Task brief: In the records below, find the line containing "Перед Новым годом" and the line containing "2054. SPAIN, Madrid, gold". Give again exactly those lines and every line between them, omitting the pictures.

Dataset records:
= = =

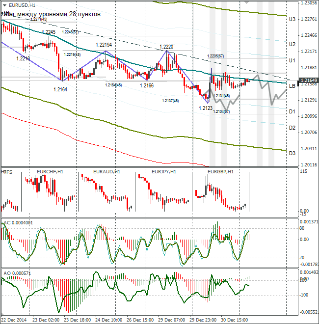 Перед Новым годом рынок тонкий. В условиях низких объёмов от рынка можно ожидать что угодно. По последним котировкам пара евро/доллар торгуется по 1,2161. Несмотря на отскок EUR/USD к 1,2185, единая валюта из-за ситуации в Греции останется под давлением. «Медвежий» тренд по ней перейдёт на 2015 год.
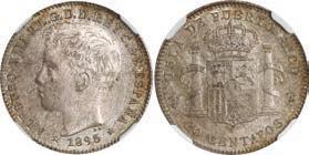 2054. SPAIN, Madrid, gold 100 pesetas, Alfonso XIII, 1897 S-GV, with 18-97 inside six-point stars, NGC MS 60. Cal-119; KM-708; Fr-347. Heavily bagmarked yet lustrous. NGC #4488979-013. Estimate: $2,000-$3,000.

= = =

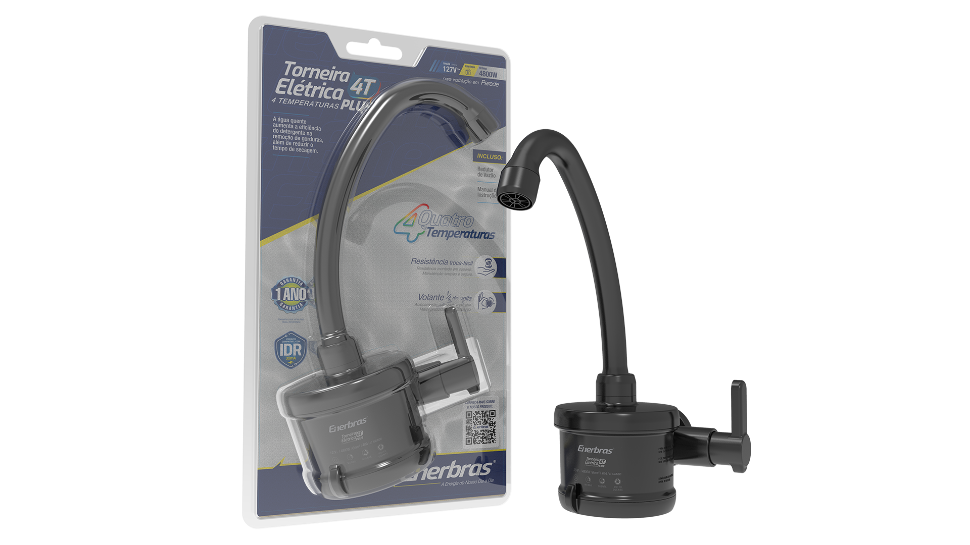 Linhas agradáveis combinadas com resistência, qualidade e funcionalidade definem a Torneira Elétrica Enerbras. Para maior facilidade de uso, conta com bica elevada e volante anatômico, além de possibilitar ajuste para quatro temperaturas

= = =

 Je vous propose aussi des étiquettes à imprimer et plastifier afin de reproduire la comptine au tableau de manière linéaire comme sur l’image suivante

= = =

Finished exercise:
 Перед Новым годом рынок тонкий. В условиях низких объёмов от рынка можно ожидать что угодно. По последним котировкам пара евро/доллар торгуется по 1,2161. Несмотря на отскок EUR/USD к 1,2185, единая валюта из-за ситуации в Греции останется под давлением. «Медвежий» тренд по ней перейдёт на 2015 год.
 2054. SPAIN, Madrid, gold 100 pesetas, Alfonso XIII, 1897 S-GV, with 18-97 inside six-point stars, NGC MS 60. Cal-119; KM-708; Fr-347. Heavily bagmarked yet lustrous. NGC #4488979-013. Estimate: $2,000-$3,000.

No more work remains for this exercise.